What to work on: Within the listing below, give again exactly the lines between the one containing "Yapılan aramalarda toplam" and the one containing "まずは、既存のホースを取り外", inclusive, pictures left aside.

Start of The data

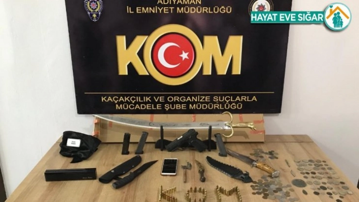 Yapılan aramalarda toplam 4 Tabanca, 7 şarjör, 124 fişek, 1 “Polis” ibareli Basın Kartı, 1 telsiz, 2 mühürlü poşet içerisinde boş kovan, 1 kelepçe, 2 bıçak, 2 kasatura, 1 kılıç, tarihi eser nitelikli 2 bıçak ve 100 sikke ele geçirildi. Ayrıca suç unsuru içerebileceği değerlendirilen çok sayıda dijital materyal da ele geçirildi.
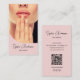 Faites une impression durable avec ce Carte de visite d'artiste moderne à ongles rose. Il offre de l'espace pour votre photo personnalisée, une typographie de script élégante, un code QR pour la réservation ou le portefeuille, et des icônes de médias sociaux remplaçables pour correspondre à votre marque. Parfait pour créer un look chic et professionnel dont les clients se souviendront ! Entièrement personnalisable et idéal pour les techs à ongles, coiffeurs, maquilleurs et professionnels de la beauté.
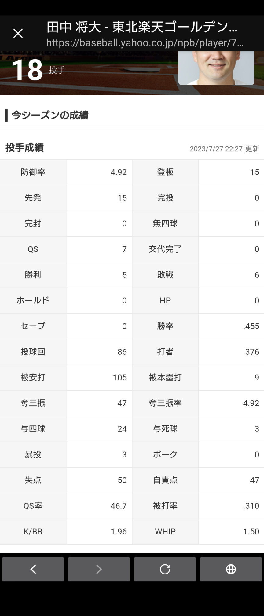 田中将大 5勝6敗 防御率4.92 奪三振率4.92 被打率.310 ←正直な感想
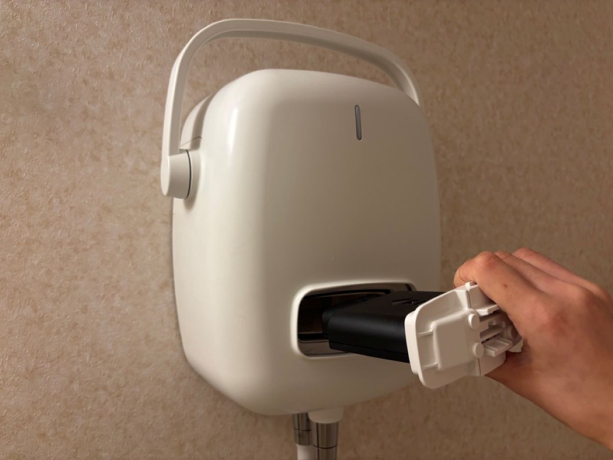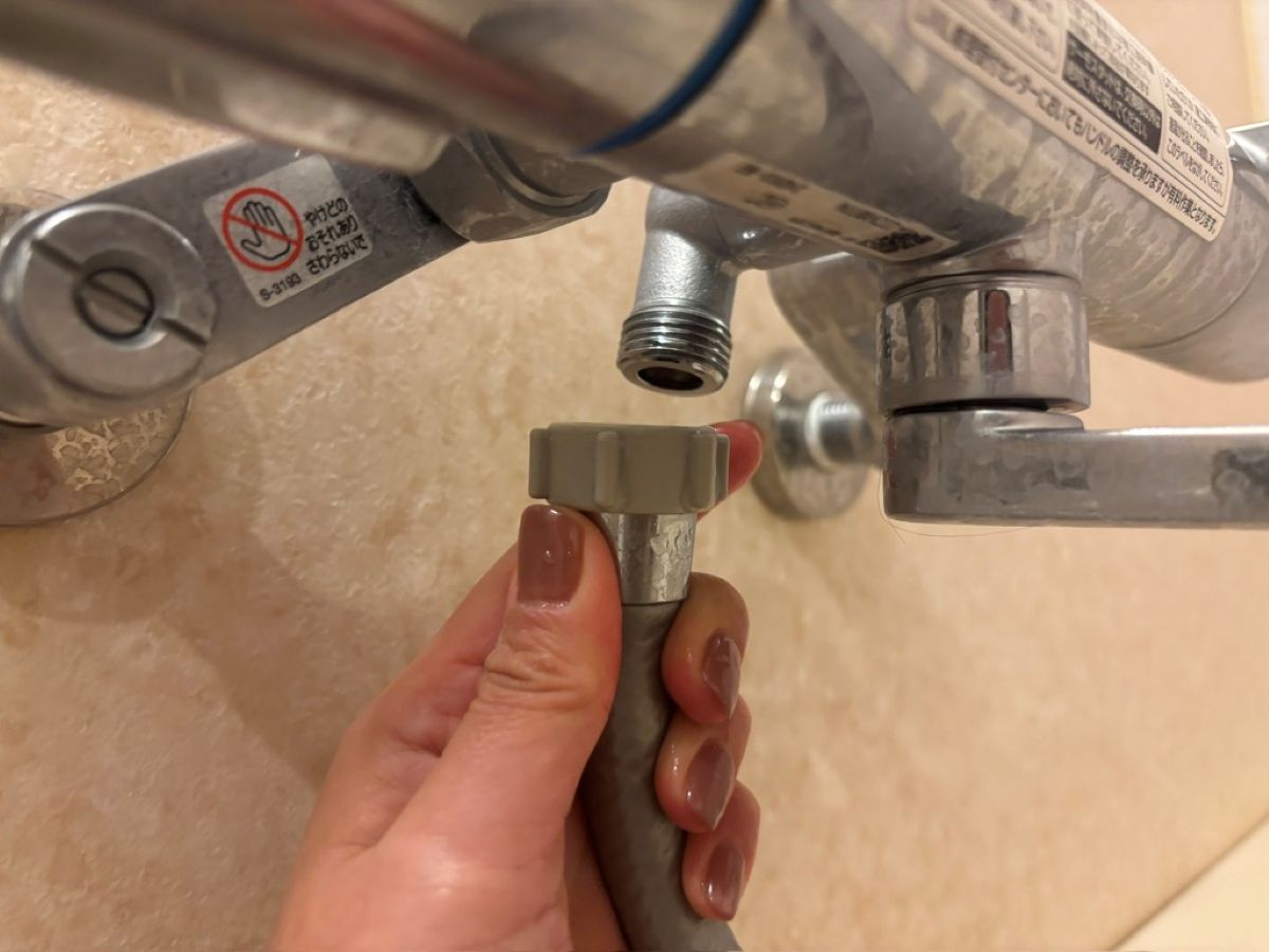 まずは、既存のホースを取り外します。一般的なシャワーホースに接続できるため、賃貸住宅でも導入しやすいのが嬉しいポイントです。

End of The data
Start of The data

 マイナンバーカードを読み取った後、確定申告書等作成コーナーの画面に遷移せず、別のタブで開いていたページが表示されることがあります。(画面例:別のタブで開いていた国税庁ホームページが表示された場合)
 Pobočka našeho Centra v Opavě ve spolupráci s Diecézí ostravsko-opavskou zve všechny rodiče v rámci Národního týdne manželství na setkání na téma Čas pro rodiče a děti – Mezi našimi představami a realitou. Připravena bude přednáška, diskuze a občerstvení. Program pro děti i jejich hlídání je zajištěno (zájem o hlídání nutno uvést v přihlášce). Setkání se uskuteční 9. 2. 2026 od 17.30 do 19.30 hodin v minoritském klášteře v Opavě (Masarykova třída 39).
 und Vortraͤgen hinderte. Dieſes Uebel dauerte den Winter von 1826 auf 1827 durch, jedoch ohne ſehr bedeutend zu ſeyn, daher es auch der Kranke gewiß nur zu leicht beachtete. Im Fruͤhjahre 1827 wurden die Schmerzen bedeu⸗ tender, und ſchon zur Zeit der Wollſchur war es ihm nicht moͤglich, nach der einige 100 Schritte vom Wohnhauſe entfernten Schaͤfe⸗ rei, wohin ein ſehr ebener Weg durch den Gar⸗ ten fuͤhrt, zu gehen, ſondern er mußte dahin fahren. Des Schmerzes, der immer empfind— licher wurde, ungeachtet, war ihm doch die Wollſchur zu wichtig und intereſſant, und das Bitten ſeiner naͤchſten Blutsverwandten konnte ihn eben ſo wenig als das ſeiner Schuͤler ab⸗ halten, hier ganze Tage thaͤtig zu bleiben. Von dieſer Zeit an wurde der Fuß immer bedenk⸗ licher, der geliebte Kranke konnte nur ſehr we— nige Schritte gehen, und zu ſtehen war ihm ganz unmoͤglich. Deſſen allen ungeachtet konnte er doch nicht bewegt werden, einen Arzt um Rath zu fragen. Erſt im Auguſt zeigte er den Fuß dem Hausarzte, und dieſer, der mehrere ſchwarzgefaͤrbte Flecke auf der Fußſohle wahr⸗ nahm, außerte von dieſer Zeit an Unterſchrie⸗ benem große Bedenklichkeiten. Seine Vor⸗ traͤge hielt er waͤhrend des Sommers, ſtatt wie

End of The data

Task solution:
 Yapılan aramalarda toplam 4 Tabanca, 7 şarjör, 124 fişek, 1 “Polis” ibareli Basın Kartı, 1 telsiz, 2 mühürlü poşet içerisinde boş kovan, 1 kelepçe, 2 bıçak, 2 kasatura, 1 kılıç, tarihi eser nitelikli 2 bıçak ve 100 sikke ele geçirildi. Ayrıca suç unsuru içerebileceği değerlendirilen çok sayıda dijital materyal da ele geçirildi.
 Faites une impression durable avec ce Carte de visite d'artiste moderne à ongles rose. Il offre de l'espace pour votre photo personnalisée, une typographie de script élégante, un code QR pour la réservation ou le portefeuille, et des icônes de médias sociaux remplaçables pour correspondre à votre marque. Parfait pour créer un look chic et professionnel dont les clients se souviendront ! Entièrement personnalisable et idéal pour les techs à ongles, coiffeurs, maquilleurs et professionnels de la beauté.
 田中将大 5勝6敗 防御率4.92 奪三振率4.92 被打率.310 ←正直な感想
 まずは、既存のホースを取り外します。一般的なシャワーホースに接続できるため、賃貸住宅でも導入しやすいのが嬉しいポイントです。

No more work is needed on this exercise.